Another massive factor set to change the face of air travel for the future is the rise of Zoom in business meetings. The popularity of video calling brought on by the pandemic means that the market has essentially become leisure travel heavy – with quarantine on arrival and changing international restrictions making business travel essentially redundant over the pandemic in lieu of video calls. “With leisure travel most likely to rebound first and LCC’s short distance, point-to-point networks will better suit pandemic-cautious travellers looking for trips closer to home,” claims GlobalData. Now, I’m not saying that business travel is dead, but it’s certainly taken a hit and will most likely take its time to reach pre-pandemic levels. This is bad for legacy carriers, who will miss out on that sweet, sweet first-class revenue from sales execs, while LCCs will be raking in the profits from their cheaper holiday destinations.

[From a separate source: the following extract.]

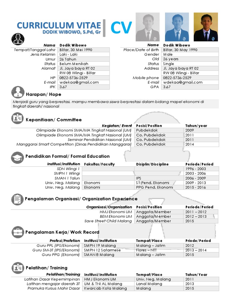 15 contoh cv daftar riwayat hidup terbaru dan terlengkap. Dodik wibowo, s.pd, gr | cv. 25+ contoh cv (curriculum vitae) lamaran kerja yang baik dan benar. Seleksi tahap 1 dilakukan melalui penilaian cv, unggahan dokumen, esai, dan tes. Berisi informasi mengenai diri anda atau bio, riwayat pendidikan, riwayat pekerjaan hingga riwayat prestasi anda. Semoga dengan adanya berbagai contoh cv berikut ini bisa membantu anda dalam membuat cv terbaik dan menarik. Pengajar praktik guru penggerak merupakan salah satu komponen dari bagian program pendidikan guru selain guru penggerak dan fasilitator. 2 contoh cv secara umum. Oleh gurupendidikandiposting pada 21 juni 2021. Contoh cv singkat bahasa inggris. Harapannya, guru penggerak dapat mendukung tumbuh kembang murid secara holistik sehingga menjadi pelajar pancasila. Setiap orang sebenarnya sudah memiliki cv, namun banyak di antara mereka yang tidak menuangkannya di dalam tulisan. Oleh sebab itu dalam membuat berkas yang diperlukan untuk.

In my opinion, LCCs have essentially been granted a real Deus Ex Machina with Covid. A ‘gift’ (in market terms) that has really levelled the playing field between them and the indomitable legacy carriers. Like I mentioned earlier, it is still too early to predict with any real certainty what the future holds. On top of that, legacies still occupy over half the market, and shifting the balance in the favour of LCCs will take a very long time (if it happens at all). One thing is for certain though – expect to see a lot more innovative, fast-growing, and popular LCCs in the years to come.